Is this “price gouging” or normal market pricing?
- Many commenters say peak‑holiday price spikes are standard supply‑and‑demand, not legal/ethical “price gouging,” especially as school breaks are predictable.
- Others object to the term “price gouging” being used loosely for any high price, and reserve it for emergencies or monopoly abuse.
- A minority argue families feel exploited because children’s school schedules make off‑peak travel practically impossible.
Customer experience and captive‑resort dynamics
- Several parents like the forest setting, cycling, and pool, but think on‑site restaurants and activities are “eye‑wateringly” expensive.
- Many bring their own food and bikes, treating meals out as rare treats; some note restaurants now sit half‑empty despite full parks, likely due to cost‑of‑living pressures.

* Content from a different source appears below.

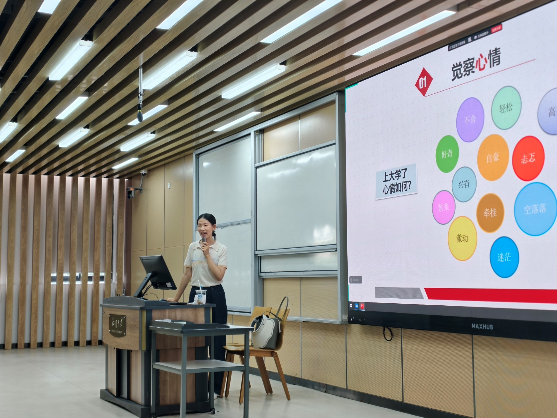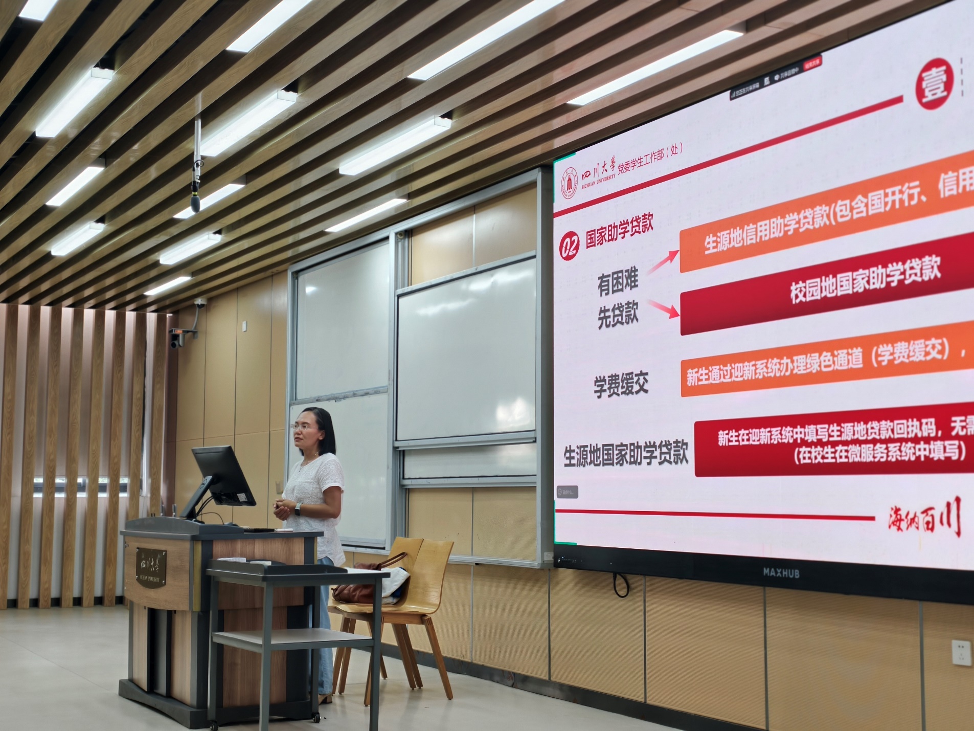 组织架构及常用联系方式,引导新生尽快完成角色转变,树立自我负责意识,做好自我关爱、自我保护和自我管理。任老师重点解读了《四川大学学生手册》中关于学籍管理、考试纪律、宿舍安全等规章制度,强调诚信意识和规则底线,鼓励同学们合理规划学业、积极适应大学生活,走好职业生涯的第一步。

- Others counter that guests voluntarily choose a “captive” resort, akin to cruises, so high on‑site pricing is part of the model.
- Specific complaints include lack of laundry, gas ovens seen as unsafe, awkward vehicle policies, and limited options for under‑5s.
School holidays, attendance rules, and demand spikes
- UK rules fining parents for term‑time absences are blamed for concentrating demand in narrow windows and driving prices up.
- Some advocate giving families an explicit right to limited term‑time absences or staggering holidays by region to smooth demand.
- Others argue discretion doesn’t scale, creates perceived unfairness, and adds risk and workload for schools and teachers.
Land, forests, and tax‑driven investment
- Commenters highlight that the business owns large forest tracts in a country with relatively little woodland.
- Some suspect a strategy of revaluing forest land via small‑parcel sales, exploiting planning creep from “temporary” forest lodges toward eventual housing, and benefiting from favorable tax treatment for woodland and farmland.
- Rising forest prices are also linked to inheritance‑tax exemptions and wealthy individuals accumulating land.
Inheritance tax and intergenerational wealth
- Heated sub‑thread on whether inheritance tax should exist.
- One side argues exemptions for land and forests shift the tax burden onto salaries and investments and entrench feudal‑style wealth.
- The other side sees inheritance tax as corrosive to family responsibility and social cohesion, and rejects the notion that inherited wealth inherently produces “unproductive” heirs.
Miscellaneous points
- Some think high occupancy (~80%) indicates pricing is efficient, not exploitative.
- There’s disagreement over how much real competition the brand has (e.g., Butlins, Pontins, independent cottages).
- Minor side‑discussion on branding/spelling (“Center Parcs”) and on whether PE’s expected returns here are even especially high.